# [TO DO]
Output everything in the data exactly, leaving the pictures out.

# [STORED DATA]
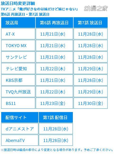 根據動畫《我喜歡的妹妹不是妹妹》官方消息,原定在11月21日播出的TV動畫《我喜歡的妹妹不是妹妹》第7集,由于制作上的問題延期放送,該檔期將重播第六話的內容。第七話的播出時間變更為下周播出,詳細的時間見下圖。官方對因放送延期為大家帶來的不便深表歉意,並希望大家在今後還能繼續支持動畫版《我喜歡的妹妹不是妹妹》。
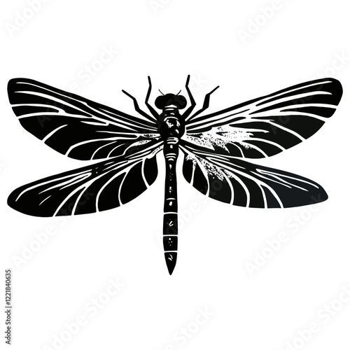 Dragonfly wood block print insect white invertebrate vector
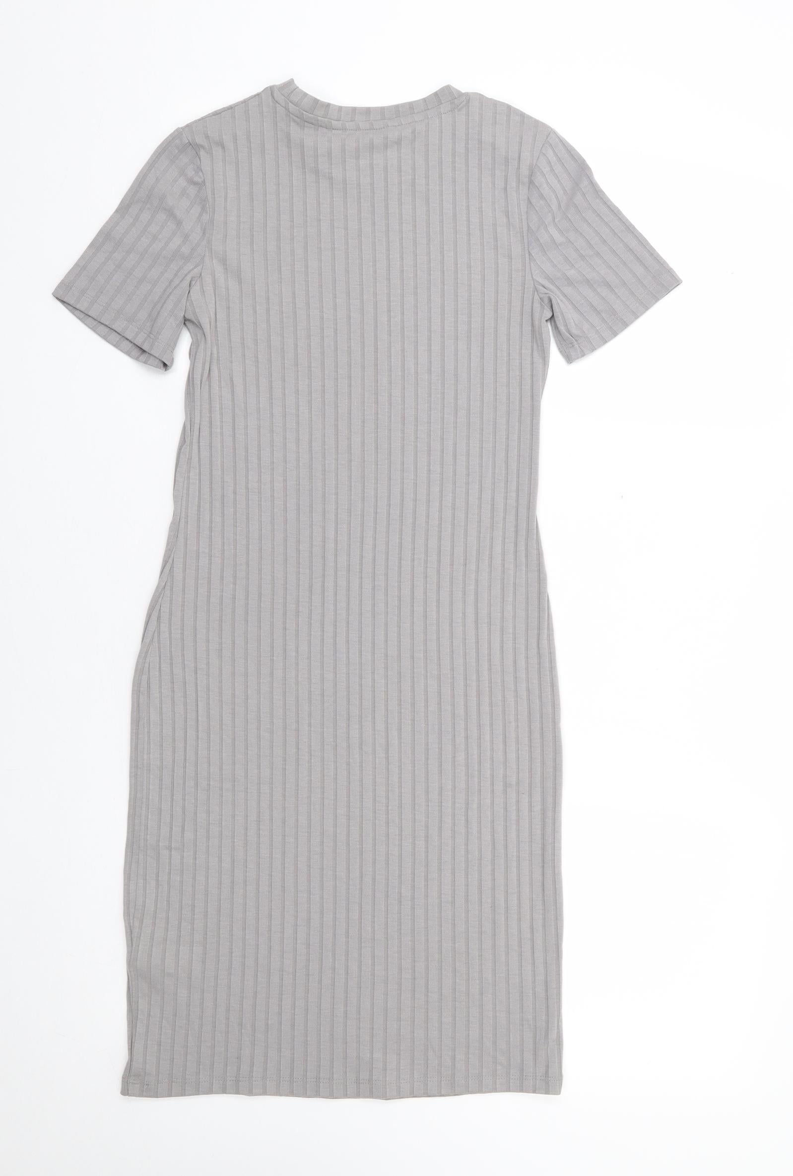 Womens Grey Polyester T-Shirt Dress Size 8 Round Neck Pullover
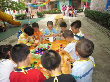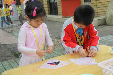 制作风车热闹的现场

# [TASK ANSWER]
 根據動畫《我喜歡的妹妹不是妹妹》官方消息,原定在11月21日播出的TV動畫《我喜歡的妹妹不是妹妹》第7集,由于制作上的問題延期放送,該檔期將重播第六話的內容。第七話的播出時間變更為下周播出,詳細的時間見下圖。官方對因放送延期為大家帶來的不便深表歉意,並希望大家在今後還能繼續支持動畫版《我喜歡的妹妹不是妹妹》。
 Dragonfly wood block print insect white invertebrate vector
 Womens Grey Polyester T-Shirt Dress Size 8 Round Neck Pullover
 制作风车热闹的现场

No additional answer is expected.